- Task instructions -
Your answer should hold exactly the lines below from the line with "通用色浆油性通用颜料与水性通用颜料的色卡" through the line with "Cerradura embutida TESA", both included, and no pictures at all.
====== Data records ======
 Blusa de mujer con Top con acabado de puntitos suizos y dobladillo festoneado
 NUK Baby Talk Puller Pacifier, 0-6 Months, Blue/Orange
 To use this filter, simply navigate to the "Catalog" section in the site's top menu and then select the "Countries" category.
======
====== Data records ======
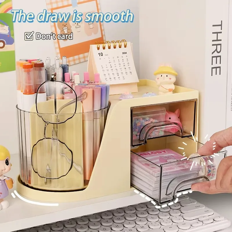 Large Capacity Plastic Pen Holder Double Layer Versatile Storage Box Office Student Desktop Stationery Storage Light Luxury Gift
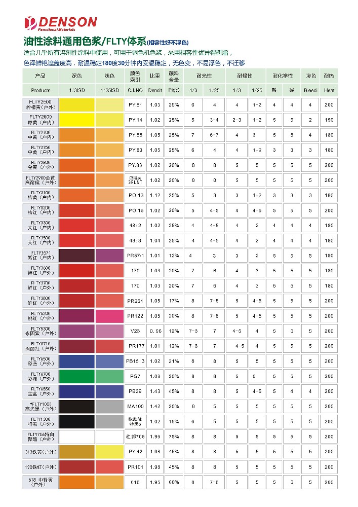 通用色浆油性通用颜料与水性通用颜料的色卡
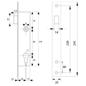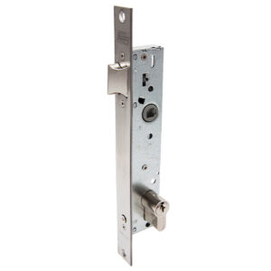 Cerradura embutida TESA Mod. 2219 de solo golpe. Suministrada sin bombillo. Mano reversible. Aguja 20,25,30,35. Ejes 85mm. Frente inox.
======
- Expected answer -
 通用色浆油性通用颜料与水性通用颜料的色卡
 Cerradura embutida TESA Mod. 2219 de solo golpe. Suministrada sin bombillo. Mano reversible. Aguja 20,25,30,35. Ejes 85mm. Frente inox.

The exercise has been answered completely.